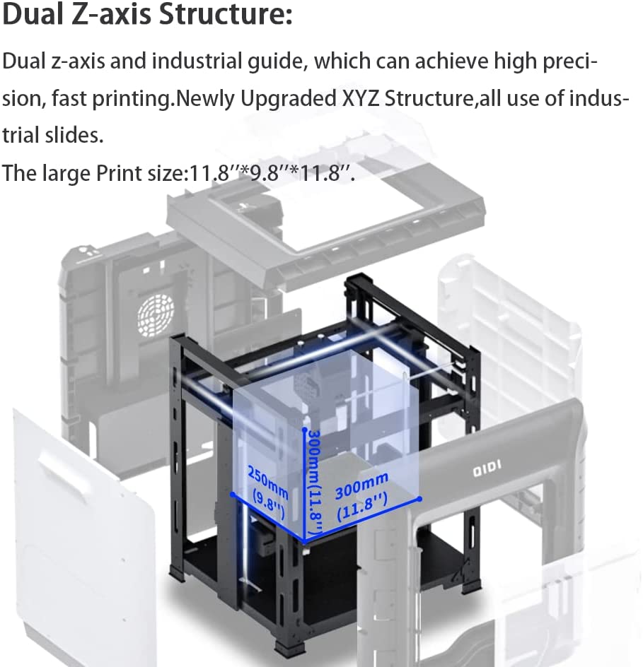 • 【Precision Manufacturing Process】QIDI TECH using industrial-grade manufacturing, dual z-axis and industrial guide, can achieve high precision, fast printing. Upgrading the XYZ structure, all use of industrial slides. PEI printing plate, solve printing models warp and other problems.The 3d printer’s structure is developed for the effective and accurate printing of carbon fiber.Meanwile, printing other common filaments, the speed can be increased to 120cc per hour.
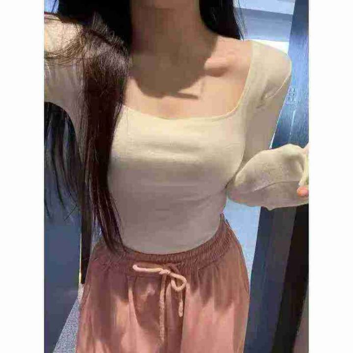 一字肩纯欲小众露肩修身显瘦内搭打底衫百搭褶皱长袖针织衫,120件,清6.5...
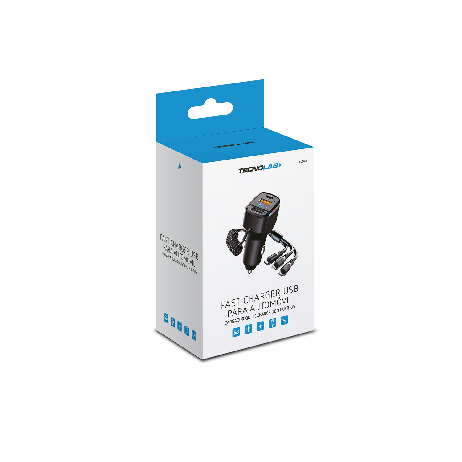 CARGADOR TECNOLAB DE AUTOMOVIL, ILUMINACION RGB 7 COLORES, USB 5V 3.1A, DETECCION VOLTAJE, CABLE 3 EN 1, 36W/65W.
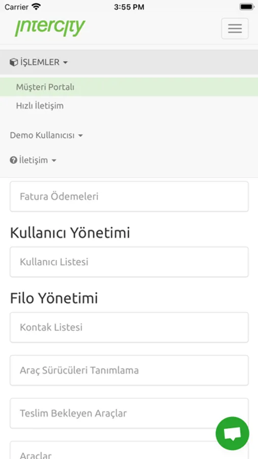 Uygulamaya girdikten sonra, sürücülerinizin uygulamayı etkin kullanabilmesi için ilk adım olarak, lütfen tüm kullanıcılarınızı "Kontak Listesi" > "Davet Et" adımından Intercity Portal uygulamasına davet ediniz.
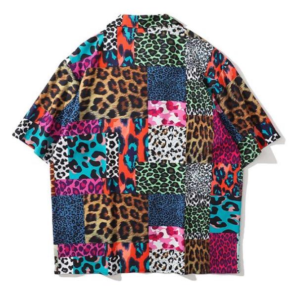 #ヒョウ、#レオパード、#アニマル柄#パッチワーク、#ストリート系、#ストリートカジュアル#半そで、#パネル柄
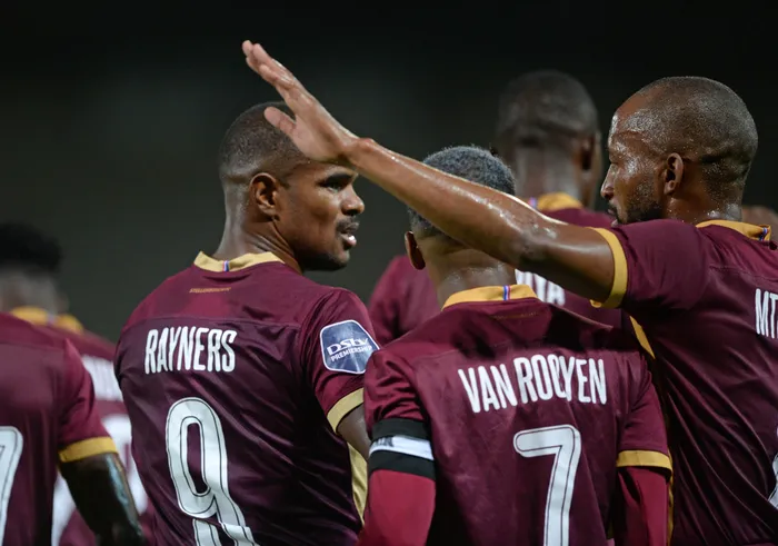 Stellenbosch FC’s Iqraam Reyners celebrates with teammates after scoring a goal during their DStv Premiership match against AmaZulu at Danie Craven Stadium on Friday. Photo: Ryan Wilkisky/BackpagePix

-- -- --

PROBLEM DESCRIPTION – Could you return each line, unchanged, from the line containing "一字肩纯欲小众露肩修身显瘦内" through the last line of the entries above, leaving out the pictures?

TASK RESULT –
 一字肩纯欲小众露肩修身显瘦内搭打底衫百搭褶皱长袖针织衫,120件,清6.5...
 CARGADOR TECNOLAB DE AUTOMOVIL, ILUMINACION RGB 7 COLORES, USB 5V 3.1A, DETECCION VOLTAJE, CABLE 3 EN 1, 36W/65W.
 Uygulamaya girdikten sonra, sürücülerinizin uygulamayı etkin kullanabilmesi için ilk adım olarak, lütfen tüm kullanıcılarınızı "Kontak Listesi" > "Davet Et" adımından Intercity Portal uygulamasına davet ediniz.
 #ヒョウ、#レオパード、#アニマル柄#パッチワーク、#ストリート系、#ストリートカジュアル#半そで、#パネル柄
 Stellenbosch FC’s Iqraam Reyners celebrates with teammates after scoring a goal during their DStv Premiership match against AmaZulu at Danie Craven Stadium on Friday. Photo: Ryan Wilkisky/BackpagePix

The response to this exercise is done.